Return an exact copy of the entries, skipping any picture you find.

Data extracted from a collection
========================================

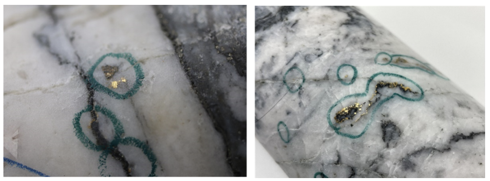 True widths of the intercepts reported in this press release have yet to be determined but are estimated to be 60% to 95% of reported core lengths. Infill veining in secondary structures with multiple orientations crosscutting the primary host structures are commonly observed in drill core which could result in additional variability in true width. Assays are uncut, and composite intervals are calculated using a minimum weighted average of 1 g/t Au diluted over a minimum core length of 2m with a maximum of 2m consecutive dilution. Included high-grade intercepts are reported as any consecutive interval with grades greater than 10 g/t Au.
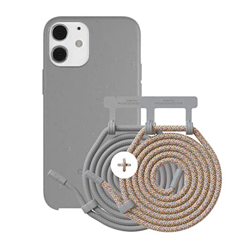 Woodcessories - 2 in 1 Cover organica compatibile con iPhone 12 Mini custodia - Set di 2, Collana Grigio Arancione
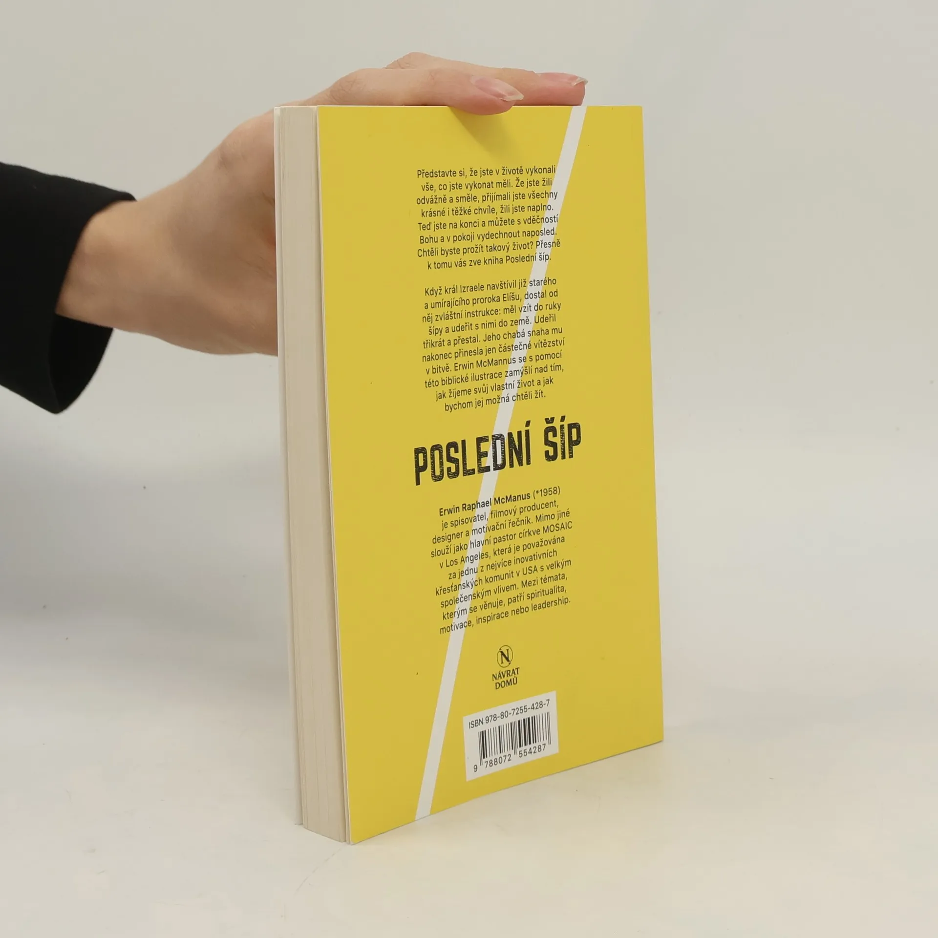 Představte si, že jste v životě vykonali vše, co jste vykonat měli. Že jste žili odvážně a směle, přijímali jste všechny krásné i těžké chvíle, žili jste naplno. Teď jste na konci a můžete s vděčností Bohu a v pokoji vydechnout naposled. Chtěli byste prožít takový život? Přesně k tomu vás zve kniha Poslední šíp. Když král Izraele navštívil již starého a umírajícího proroka Elíšu, dostal od něj zvláštní instrukce: měl vzít do ruky šípy a udeřit s nimi do země. Udeřil třikrát a přestal. Jeho chabá snaha mu nakonec přinesla jen částečné vítězství v bitvě. Erwin McManus se s pomocí této biblické ilustrace zamýšlí nad tím, jak žijeme svůj vlastní život a jak bychom jej možná chtěli žít.
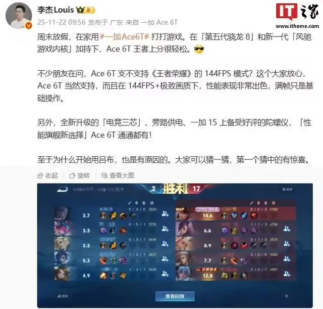 其次是游戏体验的突破,这款手机确认支持 165Hz 超高帧率,并已搞定某国民级手游(预计为《王者荣耀》)的 144FPS 模式首发适配。李杰更是放话:“满帧只是基础操作”。
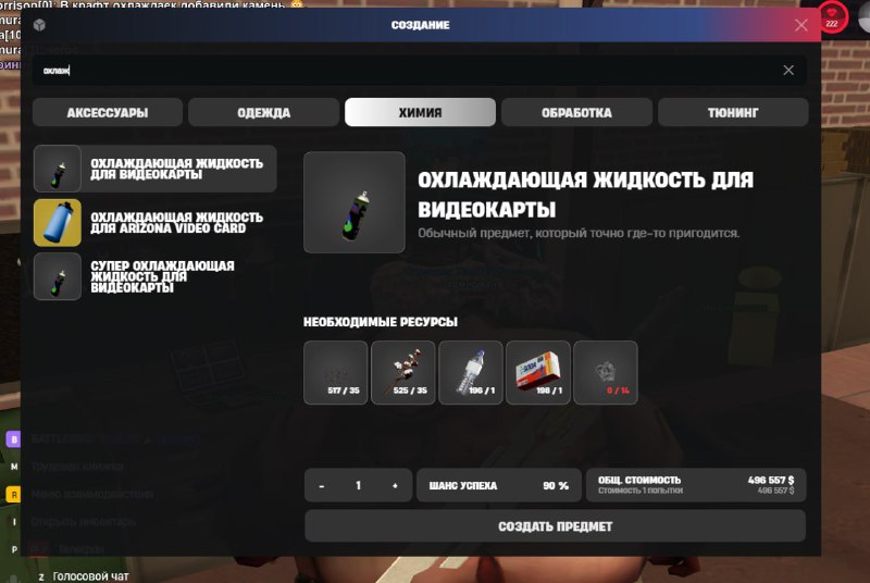 ⚡️ В крафт охлаждающей жидкости был добавлен камень! Теперь для крафта предмета вам понадобится 14 камня (Без охранника) Arizona ❤️ Предложить новость
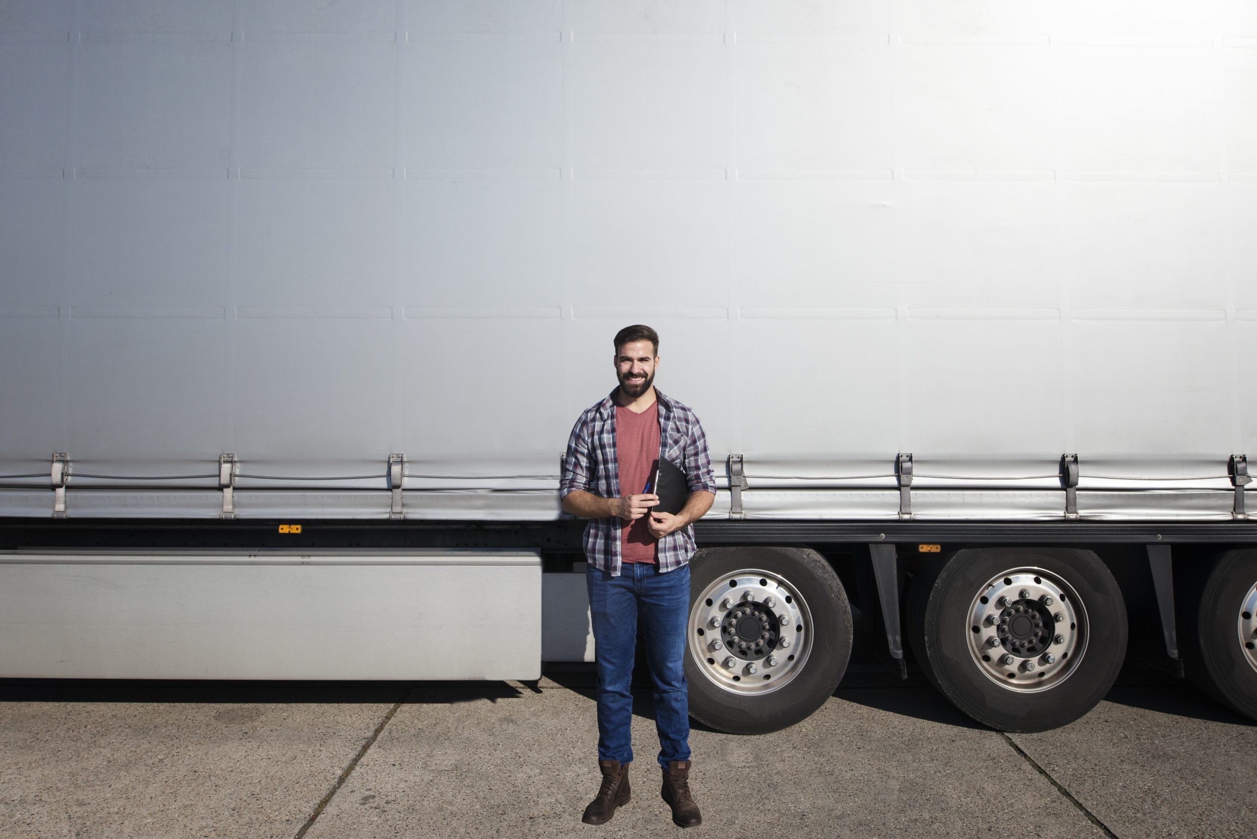 Portrait of middle aged bearded trucker standing in front of truck trailer against grey shiny tarpaulin.
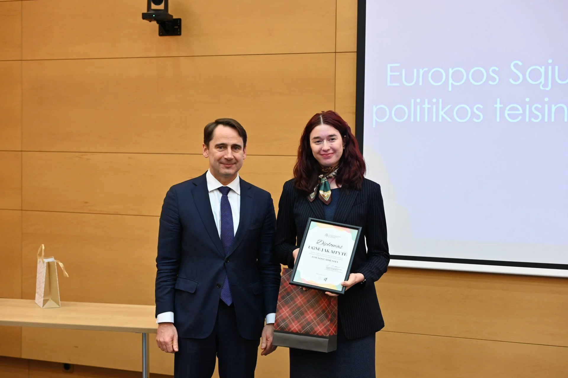1 vieta — Ugnė Jakaitytė (VU) „Europos Sąjungos bendros užsienio ir saugumo politikos teisinio reglamentavimo ir įgyvendinimo iššūkiai“. Darbe analizuojama, kokios teisinės ribos ir struktūriniai neapibrėžtumai trukdo efektyviai įgyvendinti ES bendrą užsienio ir saugumo politiką. Baigiamojo darbo vadovė – Deimilė Prapiestytė.
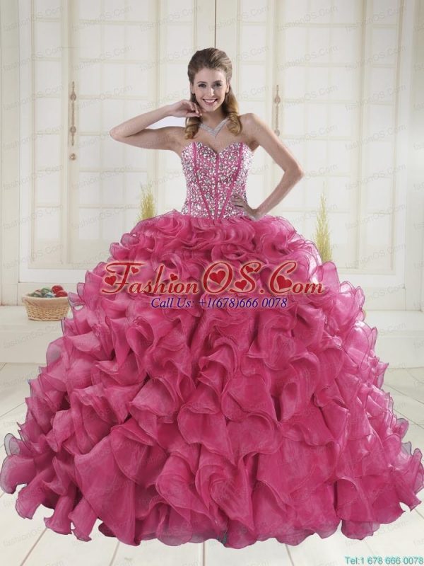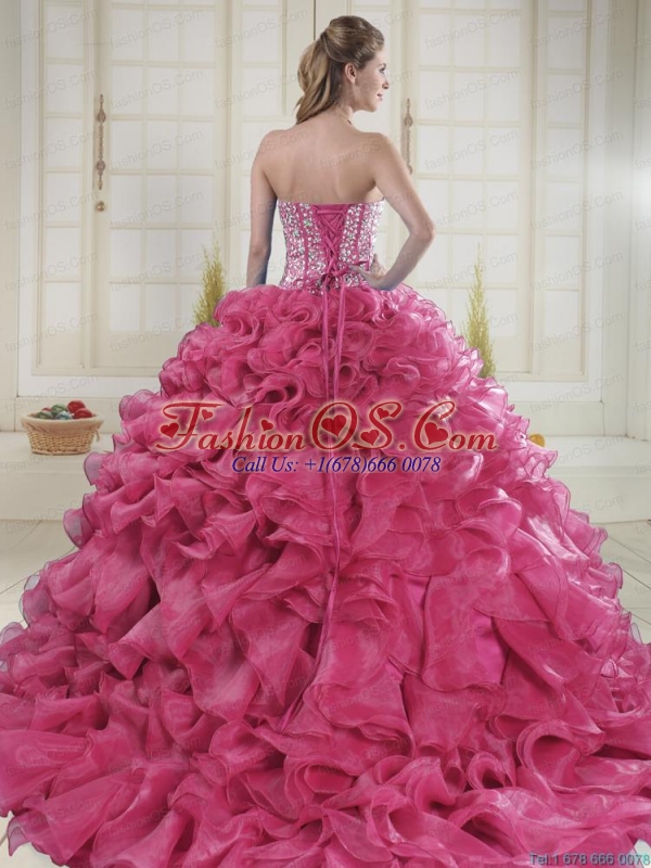 2015 Hot Sale Red Quinceanera Gowns with Beading
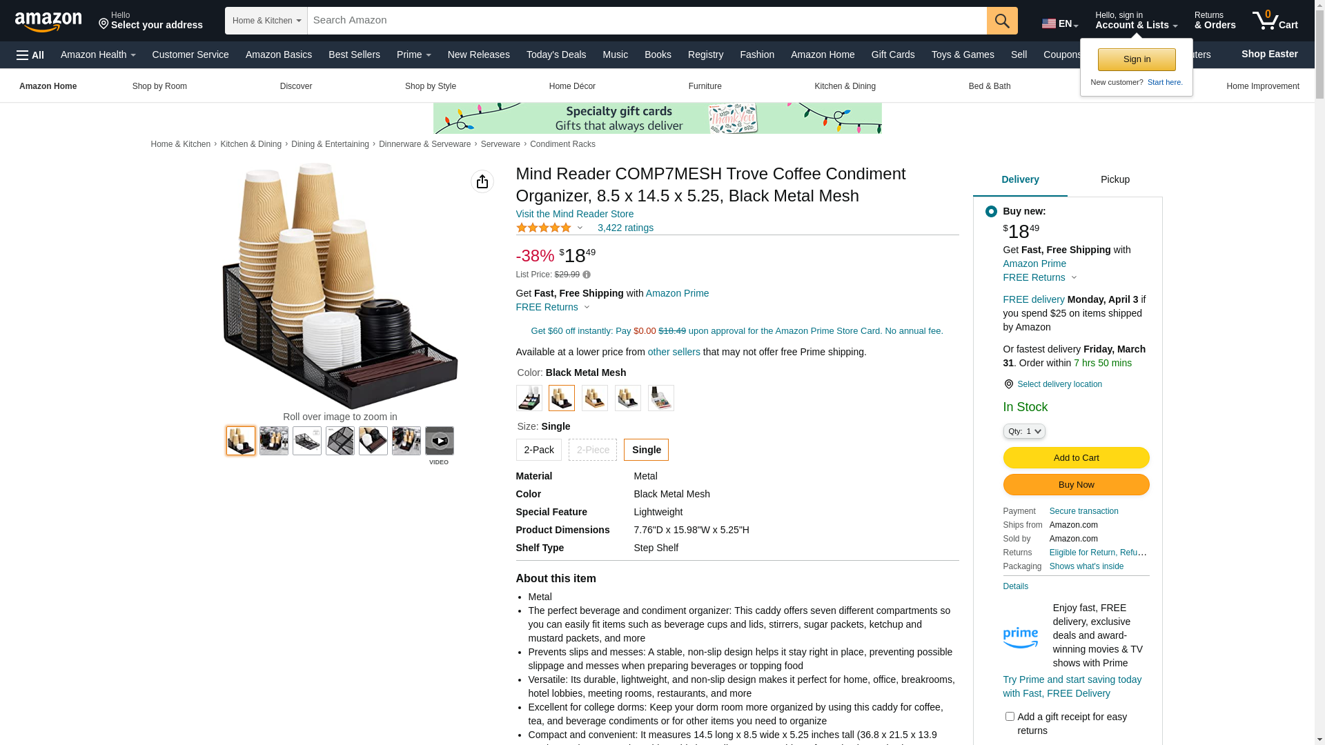 Mind Reader ' Trove' 7 Compartment Tea/Coffee Condiment Organizer, Black Metal Mesh (COMP7MESH-BLK) | Quill.com
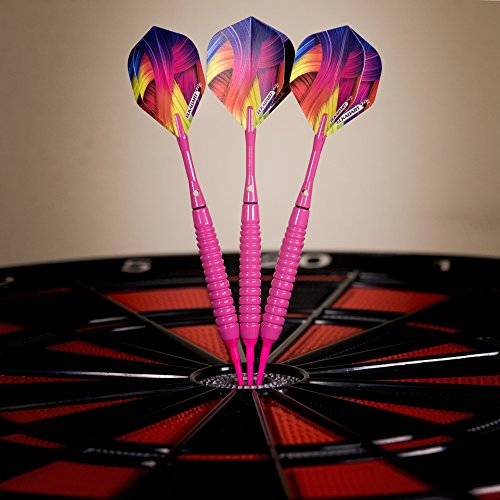 -. Feature : Designed with high quality, color coated brass barrels which offer exceptional balance and styling in a slim profile / Each barrel has strategically placed knurled bands, deep grooves and rings that make excellent gripping points and encourages consistent hand placement / Lightweight, aluminum shafts feature locking holes which allow for a tighter fitting that improves stability and greatly reduces the need to retighten during play / Features 2BA Tufflex Tips II soft tip dart points that have a reinforced cone, making them extremely strong and durable; Intended for use with electronic dartboards / Darts are fashionably stored and protected in the slim-profile, hard-shell case; Proudly designed, manufactured, assembled and packaged in England
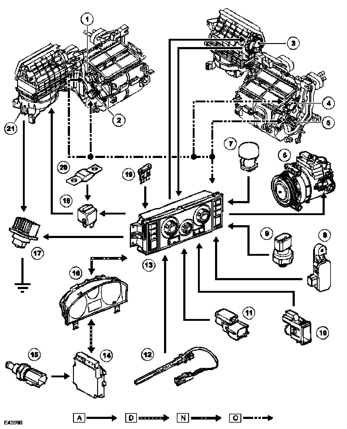 AUTOMATIC SYSTEM CONTROL DIAGRAMNOTE: A = Hardwired connections; D = High speed CAN bus; N = Medium speed CAN bus; O = LIN bus
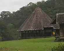 - (Construction) Grande case faite de branches et de feuillage, typique de certaines régions d’Amérique du Sud.
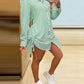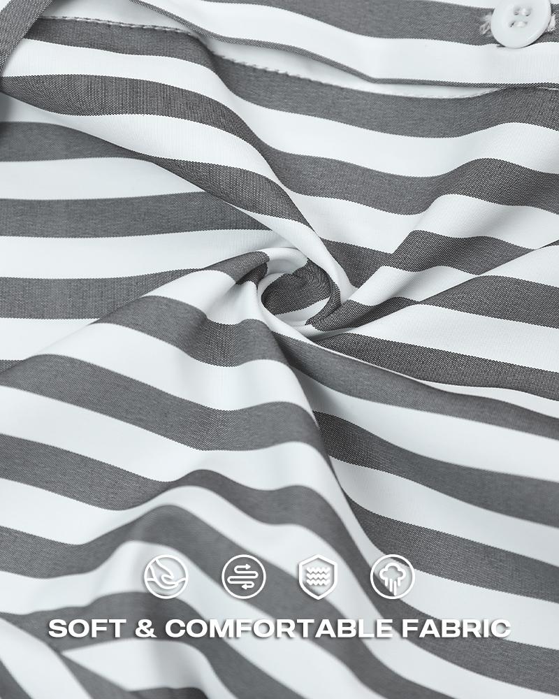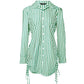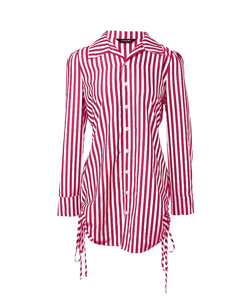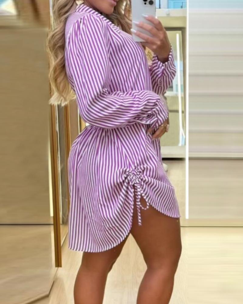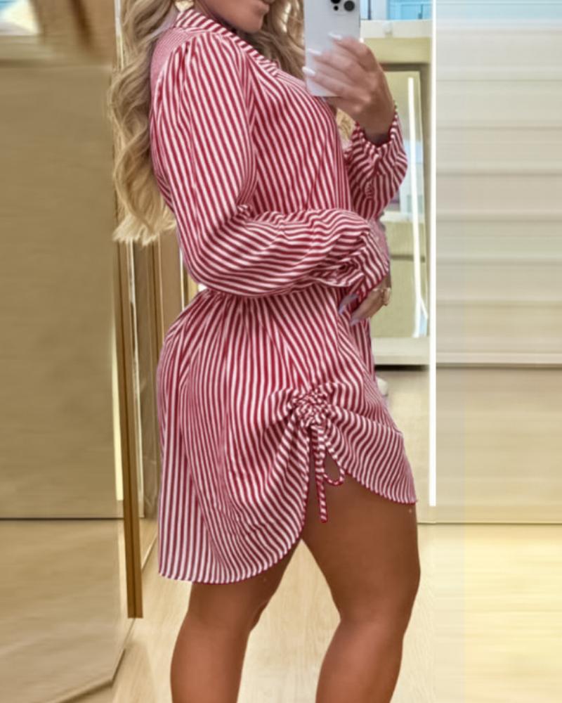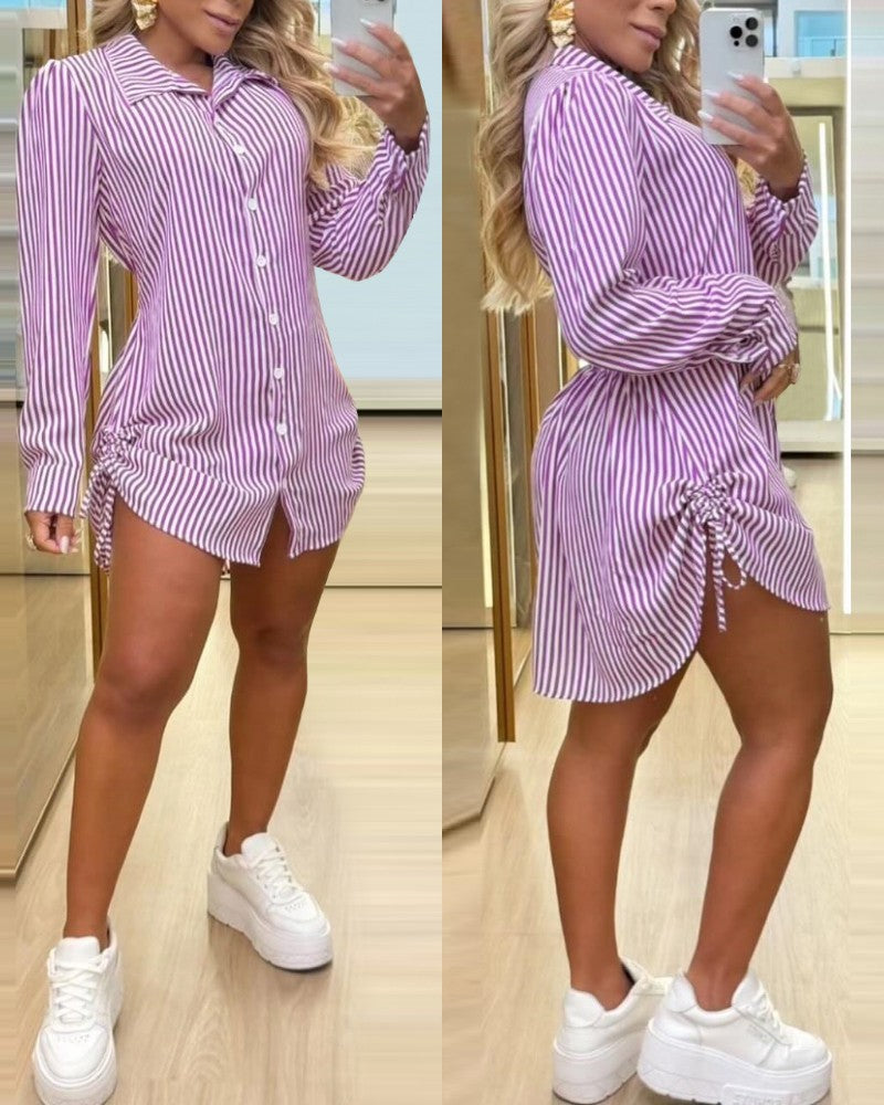 Striped Button Down Shirt Dress Back Shirred Long Sleeve Side Drawstring Mini Dresses

========================================

# Answer to this exercise
 True widths of the intercepts reported in this press release have yet to be determined but are estimated to be 60% to 95% of reported core lengths. Infill veining in secondary structures with multiple orientations crosscutting the primary host structures are commonly observed in drill core which could result in additional variability in true width. Assays are uncut, and composite intervals are calculated using a minimum weighted average of 1 g/t Au diluted over a minimum core length of 2m with a maximum of 2m consecutive dilution. Included high-grade intercepts are reported as any consecutive interval with grades greater than 10 g/t Au.
 Woodcessories - 2 in 1 Cover organica compatibile con iPhone 12 Mini custodia - Set di 2, Collana Grigio Arancione
 Představte si, že jste v životě vykonali vše, co jste vykonat měli. Že jste žili odvážně a směle, přijímali jste všechny krásné i těžké chvíle, žili jste naplno. Teď jste na konci a můžete s vděčností Bohu a v pokoji vydechnout naposled. Chtěli byste prožít takový život? Přesně k tomu vás zve kniha Poslední šíp. Když král Izraele navštívil již starého a umírajícího proroka Elíšu, dostal od něj zvláštní instrukce: měl vzít do ruky šípy a udeřit s nimi do země. Udeřil třikrát a přestal. Jeho chabá snaha mu nakonec přinesla jen částečné vítězství v bitvě. Erwin McManus se s pomocí této biblické ilustrace zamýšlí nad tím, jak žijeme svůj vlastní život a jak bychom jej možná chtěli žít.
 其次是游戏体验的突破,这款手机确认支持 165Hz 超高帧率,并已搞定某国民级手游(预计为《王者荣耀》)的 144FPS 模式首发适配。李杰更是放话:“满帧只是基础操作”。
 ⚡️ В крафт охлаждающей жидкости был добавлен камень! Теперь для крафта предмета вам понадобится 14 камня (Без охранника) Arizona ❤️ Предложить новость
 Portrait of middle aged bearded trucker standing in front of truck trailer against grey shiny tarpaulin.
1 vieta — Ugnė Jakaitytė (VU) „Europos Sąjungos bendros užsienio ir saugumo politikos teisinio reglamentavimo ir įgyvendinimo iššūkiai“. Darbe analizuojama, kokios teisinės ribos ir struktūriniai neapibrėžtumai trukdo efektyviai įgyvendinti ES bendrą užsienio ir saugumo politiką. Baigiamojo darbo vadovė – Deimilė Prapiestytė.
 2015 Hot Sale Red Quinceanera Gowns with Beading
 Mind Reader ' Trove' 7 Compartment Tea/Coffee Condiment Organizer, Black Metal Mesh (COMP7MESH-BLK) | Quill.com
 -. Feature : Designed with high quality, color coated brass barrels which offer exceptional balance and styling in a slim profile / Each barrel has strategically placed knurled bands, deep grooves and rings that make excellent gripping points and encourages consistent hand placement / Lightweight, aluminum shafts feature locking holes which allow for a tighter fitting that improves stability and greatly reduces the need to retighten during play / Features 2BA Tufflex Tips II soft tip dart points that have a reinforced cone, making them extremely strong and durable; Intended for use with electronic dartboards / Darts are fashionably stored and protected in the slim-profile, hard-shell case; Proudly designed, manufactured, assembled and packaged in England
 AUTOMATIC SYSTEM CONTROL DIAGRAMNOTE: A = Hardwired connections; D = High speed CAN bus; N = Medium speed CAN bus; O = LIN bus
 - (Construction) Grande case faite de branches et de feuillage, typique de certaines régions d’Amérique du Sud.
 Striped Button Down Shirt Dress Back Shirred Long Sleeve Side Drawstring Mini Dresses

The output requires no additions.